Connecting the Dots - OtOMO編
このエントリは以下の2つにわけました。
Connecting the Dotsは、スティーブ・ジョブスがスタンフォード大学の2005年の卒業式でおこなったスピーチの中に出てくる有名な格言です。
You can’t connect the dots looking forward; you can only connect them looking backwards. So you have to trust that the dots will somehow connect in your future.
「未来をみこして点をつなぐことはできない。未来になってから過去をさかのぼってでしかそれらをつなぐことはできない。だから、われわれにできることは、未来になってからそれらの点がつながるということを信じることしかない」ということなのですが、目の前のことを、これは役に立つだろうか?自分にとって得なのだろうか?と考えるよりも、やりたいこと好きなことを一生懸命やれば、それが未来につながる、ということを教えてくれる言葉です。
2005年から遡ること約35年、パーソナル・コンピューターの父と言われるアラン・ケイはゼロックス社のパロアルト研究所の設立に参加、彼が提唱する理想端末「ダイナブック」を当時の技術で実現したAltoの上で、ユーザーが自らプログラミングできるSmaltalk環境を動作させてみせた。これを見学する機会を得たスティーブ・ジョブスがそのアイデアを取り入れ、LisaおよびMacintoshを開発したと言われている。
アラン・ケイが開発したSmaltalkを使ってシステム開発の仕事を手がけていた阿部和広氏は、2001年来日したアラン・ケイと出会い、「Smaltalkがこどものために教育のために生まれてきた」ということを知ります。以来教育の道を歩み、アラン・ケイがプロジェクトマネージャーの一人を務めていた2002年、2003年の未踏プロジェクトに参加、 アラン・ケイが手がけていた教育用のSmaltalk環境であるSqueak、およびその考えを引き継ぐScratchの日本での普及に大きく貢献します。阿部氏の活動の中のひとつに、当時月一でおこなわれていたOtOMOでのプログラミングワークショップがありました。
- パーソナルコンピュータ「Dynabook」は誰のために作られた?──アラン・ケイが言いたかったこと(阿部和広氏に聞く:前編)
- 「目的を言うと、理想はダメになる」──プログラミング教育で大切なこと(阿部和広氏に聞く:後編)
スティーブ・ジョブスのiPhoneの発表に衝撃を受け、発売当初はアメリカでしか発売されていなかった初代iPhoneを手に入れた僕は、ついに日本にも上陸し、開発者がアプリを作れるようになったiPhone 3Gで何かアプリを作りたいと思っていました。
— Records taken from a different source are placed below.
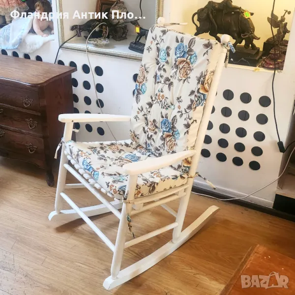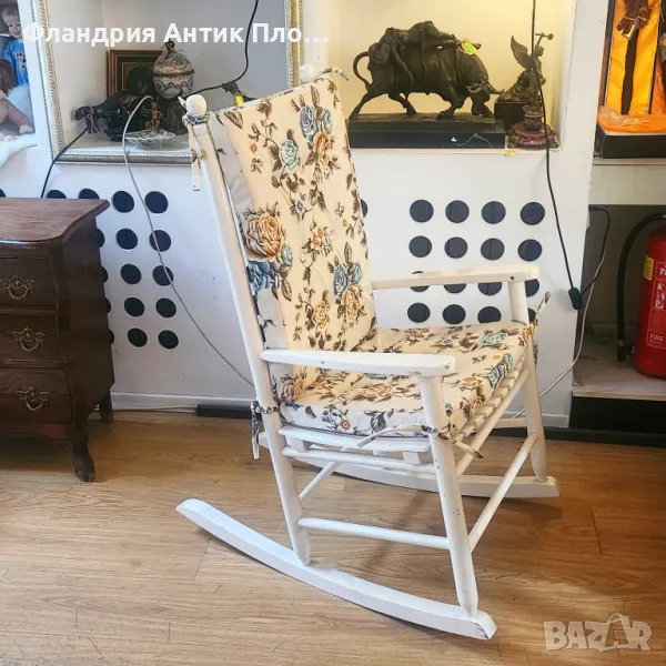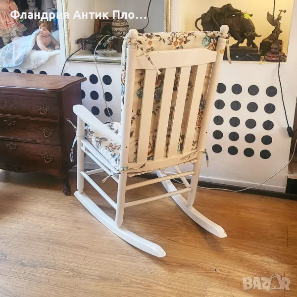 Подарете си мигове на спокойствие с този елегантен дървен люлеещ стол в бял цвят.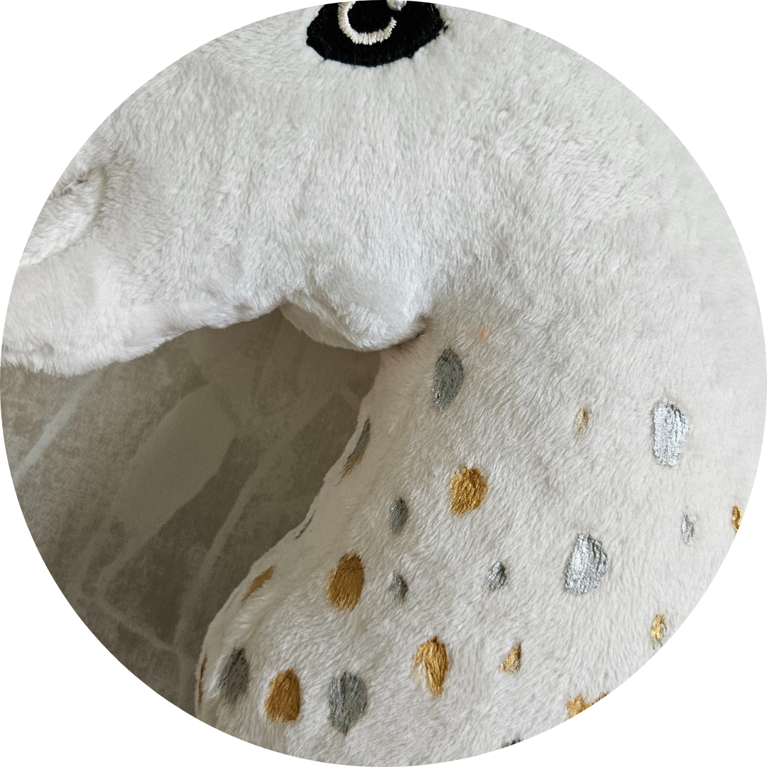 - Materiał minky w kolorze złamanej bieli, namalowane złote i srebrne łatki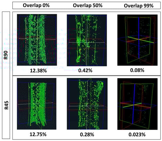 Figure 7 provides insight into how different degrees of overlap influence the void occurrence within the R90 and R45 groups for the dogbone. As is clear from slicing images, the higher percentages of overlap result in closer proximity between the infill and marginal perimeter, thereby reducing the likelihood of void formation. Micro-CT analysis also confirms these observations, where for the groups featuring 0% overlap the integration between infill and perimeter is weak, with instances of non-integration observed in certain areas. However, as overlap increases, the infill infiltrates the perimeter, obviating the presence of gaps. The groups with 99% overlap show complete diffusion, yielding minimal point-dot-shaped voids across the sections.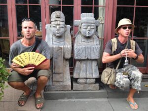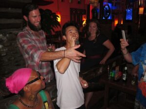 07 Aug – Last full day in China! After over a month in this vast country, we were ready for someplace new. After snacking in our room for breakfast, we checked out and hopped into a taxi back to the bus station. Today’s bus was the standard two-seats on each side of the isle with the baggage in the underside cargo area. The driver crammed in tons of extra cargo on either side while we tried our best to keep an eye on our group’s bags. The last thing we wanted was for one of our bags to be offloaded so more cargo could be stored and left behind! Today’s ride from Kunming to Mengla was pretty scenic, with lots of terraces carved into the surrounding mountains. Unfortunately, we had rain for the majority of our trip. But when we arrived in Mengla late at night was when the real show began…torrential rain started pouring down. This was the hardest rain we have seen on the trip and it was relentless! All of us huddled together under a flimsy awning in uncertainty because there were no taxis and we were wondering what the hell was going on. Finally, a mini taxi van showed up and grabbed the first group. No way we were all squeezing into the first taxi so we patiently waited, and waited, and waited. About an hour later, we were picked up and taken over to our night’s lodging at the Xiong Feng Hotel. The streets were flooded but at least the rain had eased up slightly. When we arrived, Tig had already checked in and gave us our room key. Despite the late hour, we were hungry so we dropped off our bags and quickly went out in search of a bite to eat. Thankfully, a small noodle shack was open so we grabbed a quick dinner before taking a shower and hitting the sack.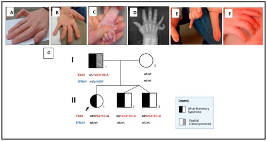 Ulnar-mammary syndrome (UMS, OMIM #181450) is an autosomal dominant disorder with considerable phenotypic heterogeneity that ranges from dorsalization of the little finger [1] to complete absence of the forearm but classically presents as posterior upper limb deficiencies (ulnar ray). The clinical spectrum includes apocrine gland malformations and dysfunction, dental anomalies, delayed puberty, abnormal external genitalia in males, imperforate hymen in females, ventricular septal defects, arrhythmias, subglottic stenosis, pyloric stenosis, and anal atresia or stenosis [2,3,4,5,6]. Approximately 128 cases of UMS have been published in the literature [Orphanet Home Page. Available online: https://www.orpha.net/consor/cgi-bin/Disease_Search.php?Ing=EN&data_id=2808&Disease_Search_diseaseGroup=Ulnar-mammary-syndrome&Disease_Disease_Search_diseaseType=Pat&Disease(s)/group/group%20of%20diseases=Ulnar-mammary-syndrome&title=Ulnar-mammary%20syndrome&search=Disease_Search_Simple (accessed on 31 August 2022)]. UMS has been postulated to be caused by haploinsufficiency in the T-Box 3 gene (TBX3, OMIM * 601621) [2,3,4,6,7], although alternative mechanisms, such as nonsense-mediated mRNA decay [8] and dominant negative effects [5,9], have been proposed.

ひらがなを覚え始めた長男でも楽しめるアプリということで、ひらがなで単語を作って楽しめる「かなぶん」というアプリを開発してリリースします。
2010年iPadがリリースされ、さらに知育アプリを開発しようと考えていた僕は、初台のアップルセミナールームにておこなわれた、iPadをどう教育に活かすかを考える「iのある教育と学習」というセミナーに出席します。登壇者の一人、阿部和広氏が披露したのは「iPadはDynabookの夢を見るか」というプレゼンテーションで、そこではエンドユーザーのプログラミングを禁じたiPadに対する、こどもたちが自由にプログラミングできるOLPC + Scratchというもうひとつのプログラミング教育の形を示していました。
Apple Japan本社のセミナールームでiPad完全否定というこの話に衝撃を受けた僕は、即日3万円ほどのミニノートPCのEee PCを購入し、Scratchをインストールして自分のこどもたちにプログラミングを教え始めた。「かなぶん」以降、エンドユーザーがプログラミングできない知育アプリを作ることはなくなります。
その年の5月、「かなぶん」のデザインを手がけた前田製作所が「かなぶん」含めたいくつかのプロダクトを展示するということで、MTM05(Maker Faire の前身)を見に行った。そこでScratchのワークショップをおこなっていたのが、倉本大資氏が立ち上げたOtOMOで、阿部和広氏もファシリテーターの一人としてこどもたちにScratchを教えていました。
2011年3月、東日本大震災が東北を襲ったその約2週間後、僕はこどもたちを連れて三軒茶屋でおこなわれたOtOMOのワークショップに参加します。定例ワークショップでおこなわれたのは、阿部和広氏がファシリテートする「じぶんクエスト」でした。